[Extracted data entries]
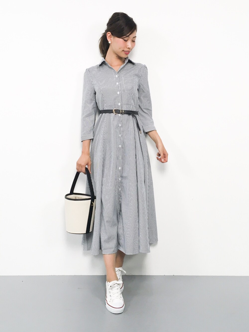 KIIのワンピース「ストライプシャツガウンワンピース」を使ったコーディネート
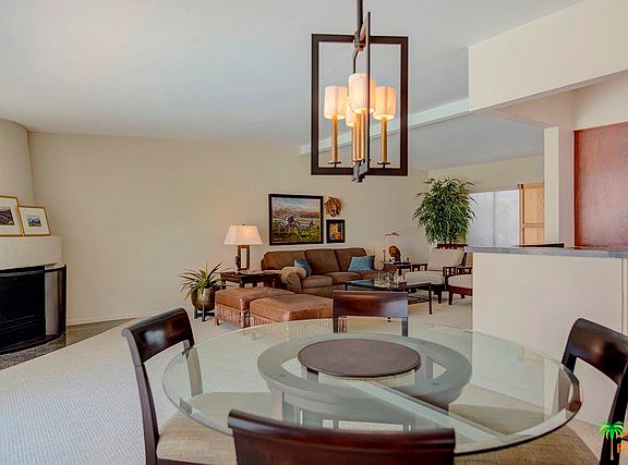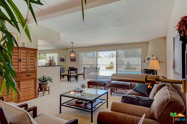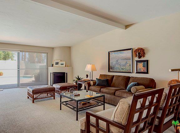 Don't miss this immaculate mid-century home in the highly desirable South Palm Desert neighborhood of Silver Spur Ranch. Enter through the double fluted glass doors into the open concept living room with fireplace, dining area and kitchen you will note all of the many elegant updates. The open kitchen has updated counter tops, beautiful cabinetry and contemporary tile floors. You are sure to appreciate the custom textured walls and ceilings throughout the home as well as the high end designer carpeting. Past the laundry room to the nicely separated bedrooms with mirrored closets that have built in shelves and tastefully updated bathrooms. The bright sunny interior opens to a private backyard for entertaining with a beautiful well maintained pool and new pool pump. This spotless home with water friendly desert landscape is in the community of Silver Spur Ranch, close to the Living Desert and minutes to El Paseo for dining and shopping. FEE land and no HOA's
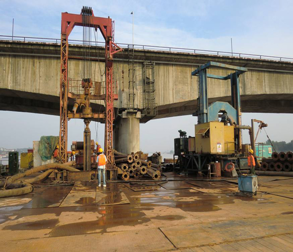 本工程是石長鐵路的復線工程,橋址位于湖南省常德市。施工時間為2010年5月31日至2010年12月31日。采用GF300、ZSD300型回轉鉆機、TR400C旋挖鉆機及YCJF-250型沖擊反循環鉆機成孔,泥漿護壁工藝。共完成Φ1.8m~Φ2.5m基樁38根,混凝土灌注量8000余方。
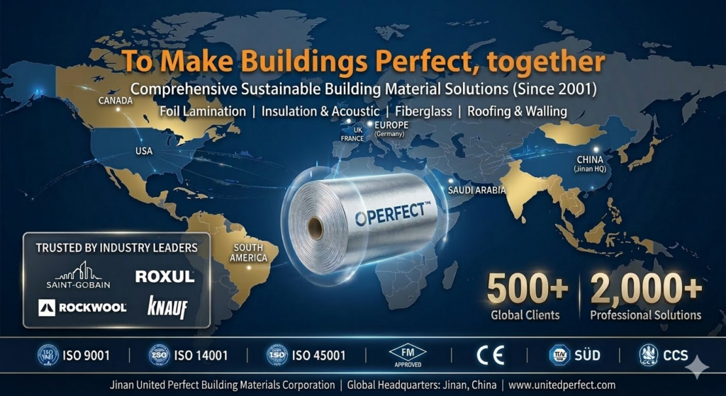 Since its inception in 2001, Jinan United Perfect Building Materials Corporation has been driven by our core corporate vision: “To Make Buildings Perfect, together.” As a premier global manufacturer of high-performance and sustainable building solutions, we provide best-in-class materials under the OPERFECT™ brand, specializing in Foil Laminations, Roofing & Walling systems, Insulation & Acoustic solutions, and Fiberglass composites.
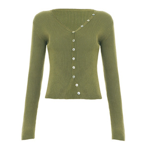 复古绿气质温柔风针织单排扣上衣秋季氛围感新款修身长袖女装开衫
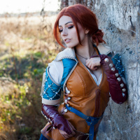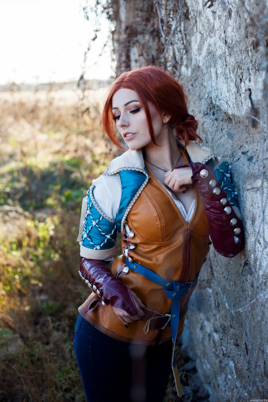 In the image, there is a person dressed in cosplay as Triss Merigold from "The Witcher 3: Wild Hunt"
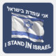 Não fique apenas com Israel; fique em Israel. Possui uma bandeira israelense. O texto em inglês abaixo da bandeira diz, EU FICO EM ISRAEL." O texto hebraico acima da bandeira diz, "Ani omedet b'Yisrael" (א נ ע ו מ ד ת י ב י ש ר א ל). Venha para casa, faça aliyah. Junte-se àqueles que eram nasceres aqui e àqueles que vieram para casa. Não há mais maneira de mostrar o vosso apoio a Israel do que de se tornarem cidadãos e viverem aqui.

Task goal: Return every entry exactly, dropping the pictures.

Your solution:
 KIIのワンピース「ストライプシャツガウンワンピース」を使ったコーディネート
 Don't miss this immaculate mid-century home in the highly desirable South Palm Desert neighborhood of Silver Spur Ranch. Enter through the double fluted glass doors into the open concept living room with fireplace, dining area and kitchen you will note all of the many elegant updates. The open kitchen has updated counter tops, beautiful cabinetry and contemporary tile floors. You are sure to appreciate the custom textured walls and ceilings throughout the home as well as the high end designer carpeting. Past the laundry room to the nicely separated bedrooms with mirrored closets that have built in shelves and tastefully updated bathrooms. The bright sunny interior opens to a private backyard for entertaining with a beautiful well maintained pool and new pool pump. This spotless home with water friendly desert landscape is in the community of Silver Spur Ranch, close to the Living Desert and minutes to El Paseo for dining and shopping. FEE land and no HOA's
 本工程是石長鐵路的復線工程,橋址位于湖南省常德市。施工時間為2010年5月31日至2010年12月31日。采用GF300、ZSD300型回轉鉆機、TR400C旋挖鉆機及YCJF-250型沖擊反循環鉆機成孔,泥漿護壁工藝。共完成Φ1.8m~Φ2.5m基樁38根,混凝土灌注量8000余方。
 Since its inception in 2001, Jinan United Perfect Building Materials Corporation has been driven by our core corporate vision: “To Make Buildings Perfect, together.” As a premier global manufacturer of high-performance and sustainable building solutions, we provide best-in-class materials under the OPERFECT™ brand, specializing in Foil Laminations, Roofing & Walling systems, Insulation & Acoustic solutions, and Fiberglass composites.
 复古绿气质温柔风针织单排扣上衣秋季氛围感新款修身长袖女装开衫
 In the image, there is a person dressed in cosplay as Triss Merigold from "The Witcher 3: Wild Hunt"
 Não fique apenas com Israel; fique em Israel. Possui uma bandeira israelense. O texto em inglês abaixo da bandeira diz, EU FICO EM ISRAEL." O texto hebraico acima da bandeira diz, "Ani omedet b'Yisrael" (א נ ע ו מ ד ת י ב י ש ר א ל). Venha para casa, faça aliyah. Junte-se àqueles que eram nasceres aqui e àqueles que vieram para casa. Não há mais maneira de mostrar o vosso apoio a Israel do que de se tornarem cidadãos e viverem aqui.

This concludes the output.